**TASK TO COMPLETE:** Give back an exact copy of the entries beneath, minus the pictures.

Stored dataset items

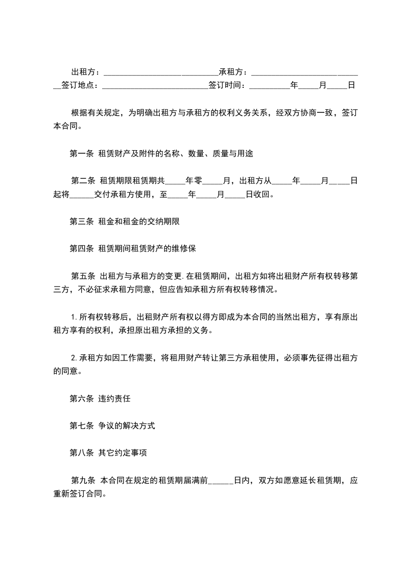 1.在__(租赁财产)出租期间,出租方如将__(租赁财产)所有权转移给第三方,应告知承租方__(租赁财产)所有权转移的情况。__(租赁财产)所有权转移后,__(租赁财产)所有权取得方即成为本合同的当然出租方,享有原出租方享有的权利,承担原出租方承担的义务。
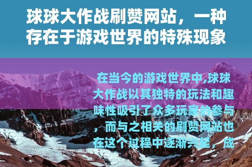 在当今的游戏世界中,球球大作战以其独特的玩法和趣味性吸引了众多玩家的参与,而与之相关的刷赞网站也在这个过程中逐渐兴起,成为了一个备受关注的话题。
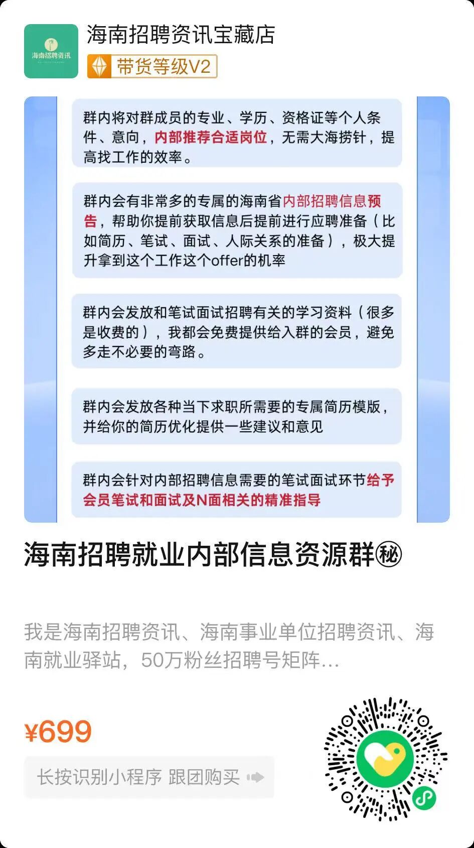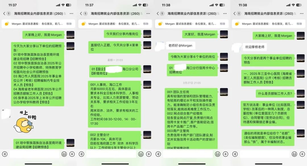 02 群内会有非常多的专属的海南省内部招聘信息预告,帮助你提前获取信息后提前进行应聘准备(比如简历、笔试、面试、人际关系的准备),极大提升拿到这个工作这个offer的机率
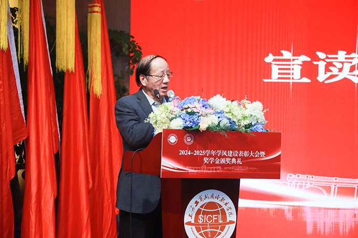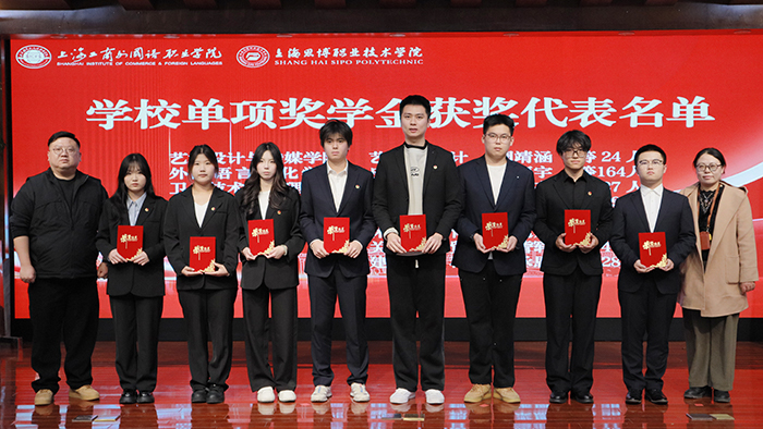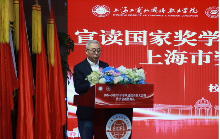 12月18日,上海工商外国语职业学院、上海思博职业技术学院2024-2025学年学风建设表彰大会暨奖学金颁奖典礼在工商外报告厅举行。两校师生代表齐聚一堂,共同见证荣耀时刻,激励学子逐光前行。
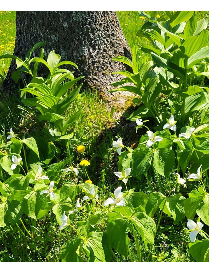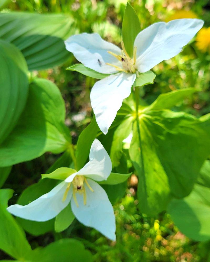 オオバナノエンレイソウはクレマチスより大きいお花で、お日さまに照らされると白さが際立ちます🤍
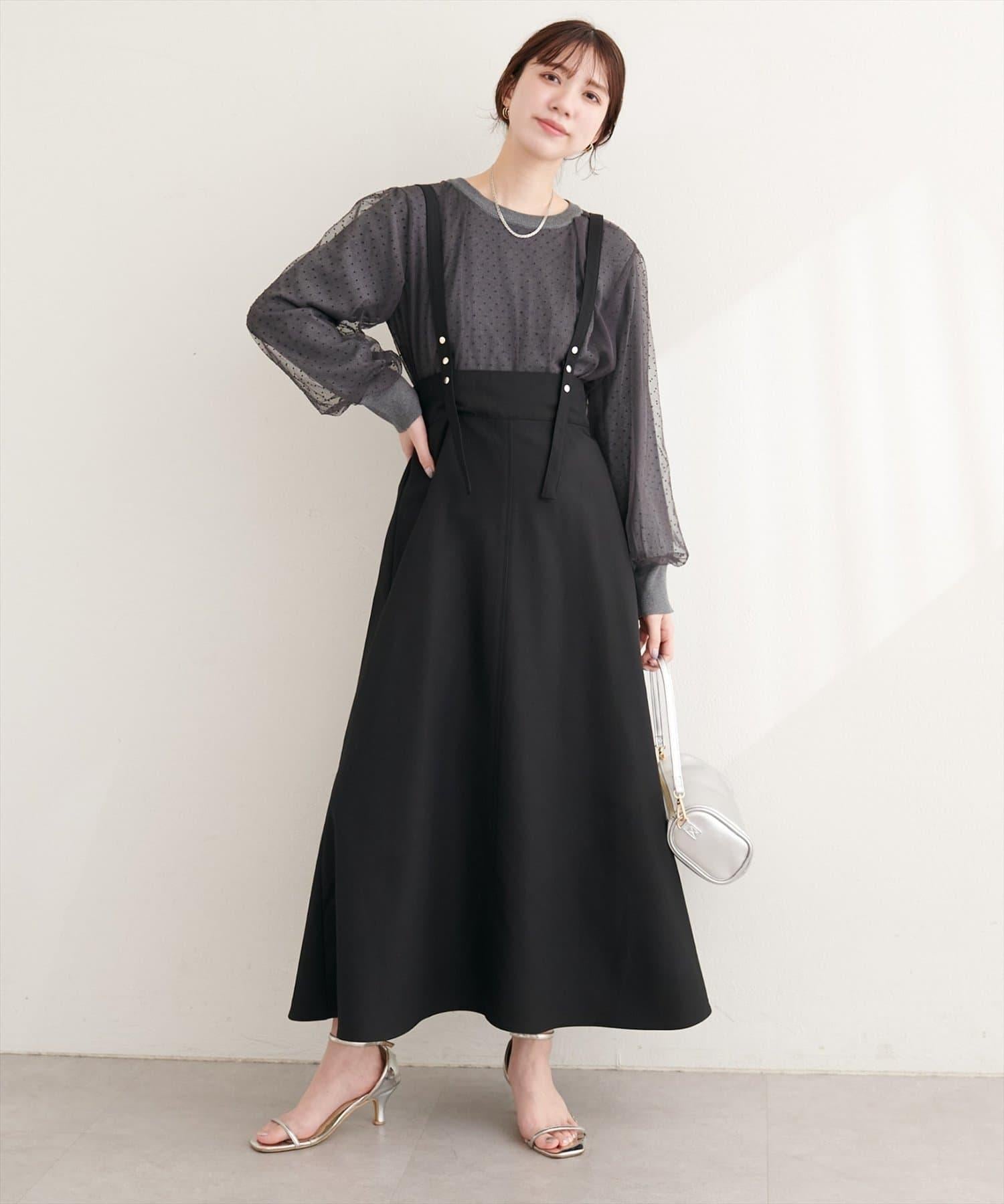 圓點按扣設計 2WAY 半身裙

**WRITTEN RESPONSE:**
 1.在__(租赁财产)出租期间,出租方如将__(租赁财产)所有权转移给第三方,应告知承租方__(租赁财产)所有权转移的情况。__(租赁财产)所有权转移后,__(租赁财产)所有权取得方即成为本合同的当然出租方,享有原出租方享有的权利,承担原出租方承担的义务。
 在当今的游戏世界中,球球大作战以其独特的玩法和趣味性吸引了众多玩家的参与,而与之相关的刷赞网站也在这个过程中逐渐兴起,成为了一个备受关注的话题。
 02 群内会有非常多的专属的海南省内部招聘信息预告,帮助你提前获取信息后提前进行应聘准备(比如简历、笔试、面试、人际关系的准备),极大提升拿到这个工作这个offer的机率
 12月18日,上海工商外国语职业学院、上海思博职业技术学院2024-2025学年学风建设表彰大会暨奖学金颁奖典礼在工商外报告厅举行。两校师生代表齐聚一堂,共同见证荣耀时刻,激励学子逐光前行。
 オオバナノエンレイソウはクレマチスより大きいお花で、お日さまに照らされると白さが際立ちます🤍
 圓點按扣設計 2WAY 半身裙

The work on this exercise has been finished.